[Work instructions]
Retype word for word the stretch of entries below from the line that has "- Větruodolný design: Tento" through the line that has "This stylish long-sleeved", and omit the pictures.
** Opening Source records block **
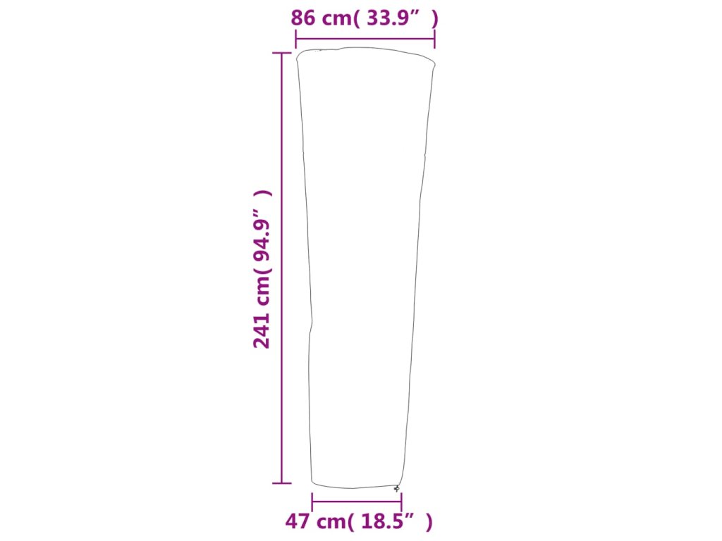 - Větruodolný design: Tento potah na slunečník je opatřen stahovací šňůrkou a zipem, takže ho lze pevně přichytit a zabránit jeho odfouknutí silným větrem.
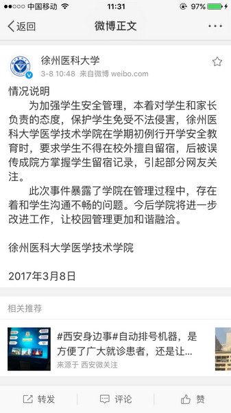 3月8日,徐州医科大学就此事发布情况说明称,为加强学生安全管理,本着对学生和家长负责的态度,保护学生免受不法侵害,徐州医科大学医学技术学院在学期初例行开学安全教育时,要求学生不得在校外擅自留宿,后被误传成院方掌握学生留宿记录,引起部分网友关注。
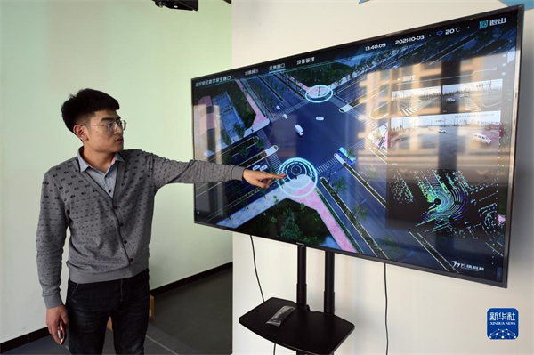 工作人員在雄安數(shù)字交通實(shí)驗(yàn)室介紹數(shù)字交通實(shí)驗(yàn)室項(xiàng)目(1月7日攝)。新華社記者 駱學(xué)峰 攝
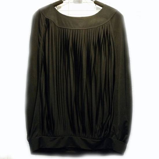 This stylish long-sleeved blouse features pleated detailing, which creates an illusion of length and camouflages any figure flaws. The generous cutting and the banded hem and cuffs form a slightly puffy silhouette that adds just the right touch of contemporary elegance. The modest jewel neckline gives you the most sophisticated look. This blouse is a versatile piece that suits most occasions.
** Closing Source records block **
** Opening Source records block **
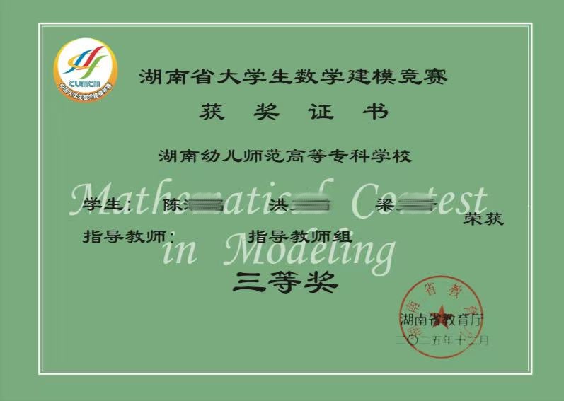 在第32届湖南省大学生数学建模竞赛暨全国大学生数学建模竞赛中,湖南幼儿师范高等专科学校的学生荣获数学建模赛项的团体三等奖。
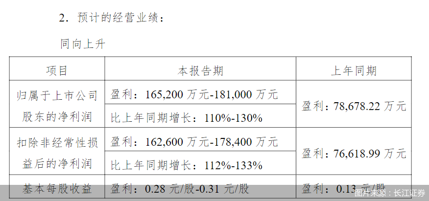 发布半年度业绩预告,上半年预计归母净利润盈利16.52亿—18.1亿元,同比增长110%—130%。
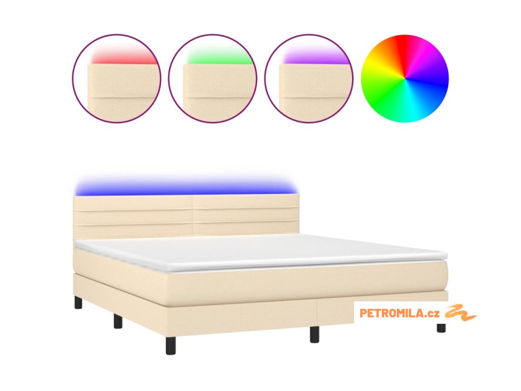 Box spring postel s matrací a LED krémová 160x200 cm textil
** Closing Source records block **
** Opening Source records block **
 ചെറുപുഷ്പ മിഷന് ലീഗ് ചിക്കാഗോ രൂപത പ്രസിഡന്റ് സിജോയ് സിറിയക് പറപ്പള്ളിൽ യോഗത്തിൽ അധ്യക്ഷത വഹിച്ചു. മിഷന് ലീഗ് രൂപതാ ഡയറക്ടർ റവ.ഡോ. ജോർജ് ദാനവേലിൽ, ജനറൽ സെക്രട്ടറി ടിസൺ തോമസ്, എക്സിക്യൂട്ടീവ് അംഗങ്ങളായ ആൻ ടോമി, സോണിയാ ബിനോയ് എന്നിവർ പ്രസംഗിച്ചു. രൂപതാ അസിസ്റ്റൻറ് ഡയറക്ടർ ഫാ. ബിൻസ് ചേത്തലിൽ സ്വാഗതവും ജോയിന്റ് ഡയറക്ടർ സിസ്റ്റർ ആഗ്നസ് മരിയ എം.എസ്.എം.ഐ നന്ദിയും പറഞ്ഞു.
** Closing Source records block **
[Completed task]
 - Větruodolný design: Tento potah na slunečník je opatřen stahovací šňůrkou a zipem, takže ho lze pevně přichytit a zabránit jeho odfouknutí silným větrem.
 3月8日,徐州医科大学就此事发布情况说明称,为加强学生安全管理,本着对学生和家长负责的态度,保护学生免受不法侵害,徐州医科大学医学技术学院在学期初例行开学安全教育时,要求学生不得在校外擅自留宿,后被误传成院方掌握学生留宿记录,引起部分网友关注。
 工作人員在雄安數(shù)字交通實(shí)驗(yàn)室介紹數(shù)字交通實(shí)驗(yàn)室項(xiàng)目(1月7日攝)。新華社記者 駱學(xué)峰 攝
 This stylish long-sleeved blouse features pleated detailing, which creates an illusion of length and camouflages any figure flaws. The generous cutting and the banded hem and cuffs form a slightly puffy silhouette that adds just the right touch of contemporary elegance. The modest jewel neckline gives you the most sophisticated look. This blouse is a versatile piece that suits most occasions.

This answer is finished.